# Fake it 'til you make it



## Raynebow (Jun 22, 2011)

I recently found out that when my mother was my age, and even still, suffers from social anxiety. In a recent conversation she gave me a bit of advice. When I asked her how she was able to overcome it, she said it never really went away for her, but she looked at her mother, who also suffers from social anxiety, and decided she never wanted to end up like that. My grandmother is a very angry person, she refuses to leave our house, and takes out her frustrations in the form of verbal and emotional abuse on myself and my sisters. My mom knew that for her to be a good mom to us, she had to get over herself. She started to force herself to go out, and when interracting with people, faking her smiles and happiness. Eventually she started actually feeling happy, and feeling friendly and social. I know this won't work for everyone, so I'm not looking to debate that, it doesn't even work for me, but hopefully it can help sommeone out.


----------



## bigcat1967 (Apr 20, 2010)

What she actually did was face her fear and she eventually beat it. So it does work...


----------



## bsd3355 (Nov 30, 2005)

bigcat1967 said:


> What she actually did was face her fear and she eventually beat it. So it does work...
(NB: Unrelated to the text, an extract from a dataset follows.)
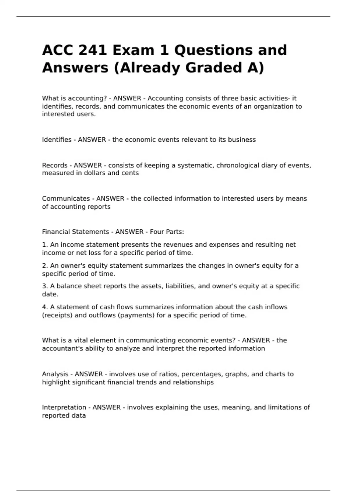 Financial Statements - ANSWER - Four Parts:

worked for me. it does work.


----------



## softshock11 (Jan 9, 2011)

Yep I always hear about this its hard sometimes its so hard to even fake it but it does help allot!


----------



## Jessicah1 (Apr 28, 2011)

Glad to hear about your Mom's success. Thanks for sharing. Some of the biggest changes I'm been successful at making were done because I really hated what the alternative means...helps me to keep fighting to think about that.


----------